Viktor is under contract until the end of the current season (30/06/2005) and his next destination is still unknown . Staying in Dijon may be a good option , provided that he receives a big playing time .

Scola Luis

Scola has been a major star since the victory of Argentina in the last Olympic Games . Scola was even the best scorer of the final (25 pts) .

He is a PF (6'9 230 lbs) with a soft touch around the basket . He has a vast array of moves around the rim and uses well his body to take advantage of the defenders.

He is currently playing in ACB (Spanish league) , in Vitoria .

*Stats 2004/2005*

17.9 pts 7.3 rbds 1.1 blk 61% 2 pts fg% .


Do you know any other young prospect whose names desserves to be mentioned here? 

For instance where is Romain Sato ? His name does not appear anymore in the Spurs roster ...


----------



## Nephets (Jul 15, 2004)

All I know is, we cut Sato.


----------



## KokoTheMonkey (Aug 4, 2003)

Who's been following Scola? Last I heard there was some rumbles that he hasn't been having too good of a season. 

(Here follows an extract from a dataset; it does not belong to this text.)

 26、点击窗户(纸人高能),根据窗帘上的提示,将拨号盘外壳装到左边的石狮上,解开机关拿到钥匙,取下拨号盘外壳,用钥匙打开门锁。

Anyway, another guy just off the top of my head that I can mention is that Javtokas guy. I think he was like 6'10-6'11 and looked pretty decent in the Olympics.


----------



## Matiz (Jun 5, 2003)

Sanikidze might indeed be a great pick... and looks like that Spurs scouting even noticed him faster than any of the big european clubs has- which would be an unique case imo.



> Who's been following Scola? Last I heard there was some rumbles that he hasn't been having too good of a season.

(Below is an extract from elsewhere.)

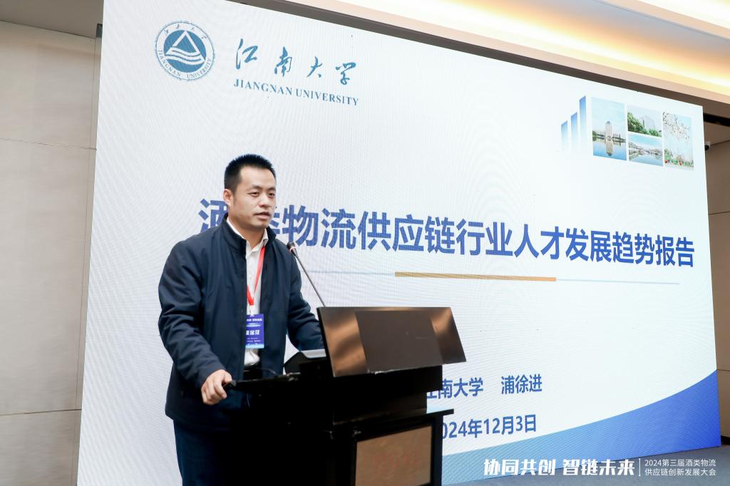 酒类智慧供应链产教融合创新人才论坛上,浦徐进代表诸侯快讯ok1122登录入口与中国物流与采购联合会酒类物流供应链分会进行“智能物流与酒类供应链研究中心”战略签约,并以《酒类物流供应链行业人才发展趋势报告》为题作报告。

His team wasn't having a good season at the begining... and Scola wasn't that good neither- people expected much more from him than 13ppg and 7rpg. I think that being a bit tired after the Olympics might also have to do something with Scola's performances. He is playing better recently, in top16 (competition stage where 16 best club of euroleague play in 4 different groups) he is posting 16ppg, 5.7rpg in 27 minutes...
anyway don't expect much of a defensive presence from him- he is not 2nd Nocioni like some might like to think... and if it was up to me, I'd choose his teamate from Argentina NT, Fabricio Oberto 207cm (6'10) that imo is more suitable for NBA game. but anyway I think having Scola as a PF coming of the bench would be a good move for the Spurs...

Scloa's profile at euroleague.net 



> Anyway, another guy just off the top of my head that I can mention is that Javtokas guy. I think he was like 6'10-6'11 and looked pretty decent in the Olympics.


He was cut by Zalgiris in the begining of the season, because he said the coach didn't give him enough important role in the rotation... I don't think he would actually be an upgrade on Nazr/Rasho/Tim and Scola... but I think some teams in NBA could use him as a reserve center...

link to his profile 


Others from that... I can't see any other person Spurs management would like to draft now... there is no underhyped center or a defensive SF from europe this year...


----------



## DaBobZ (Sep 22, 2003)

Question guys:
Is it Javtokas or Sanikidze that had a bad car accident a few years back and that managed to still play good ball?


----------



## KokoTheMonkey (Aug 4, 2003)

I'm pretty sure it's Javtokas. We drafted him awhile ago, and I believe it was awhile ago where that accident happened. Sanikidze is the guy we just acquired this past offseason.


----------



## DaBobZ (Sep 22, 2003)

Thanks Koko...
Got another question for our specialist :biggrin: 
What's with Scola's contract next year ? 2/3 years ? qualifying offer ? bucks ?
Sometimes it's weird with players that play overseas some years before joining in the nba. Got a clue ?


----------



## KokoTheMonkey (Aug 4, 2003)

Well, first off, it's going to be like signing a free agent with Scola. We can pay him up to the full MLE, and that's it. It could be 6 years, it could be two years, whatever is negotiated. Second, he's got something like a 2 million dollar buyout, and that's going to have to be paid through Scola's contract.


----------



## DaBobZ (Sep 22, 2003)

KokoTheMonkey said:


> Well, first off, it's going to be like signing a free agent with Scola. We can pay him up to the full MLE, and that's it. It could be 6 years, it could be two years, whatever is negotiated. Second, he's got something like a 2 million dollar buyout, and that's going to have to be paid through Scola's contract.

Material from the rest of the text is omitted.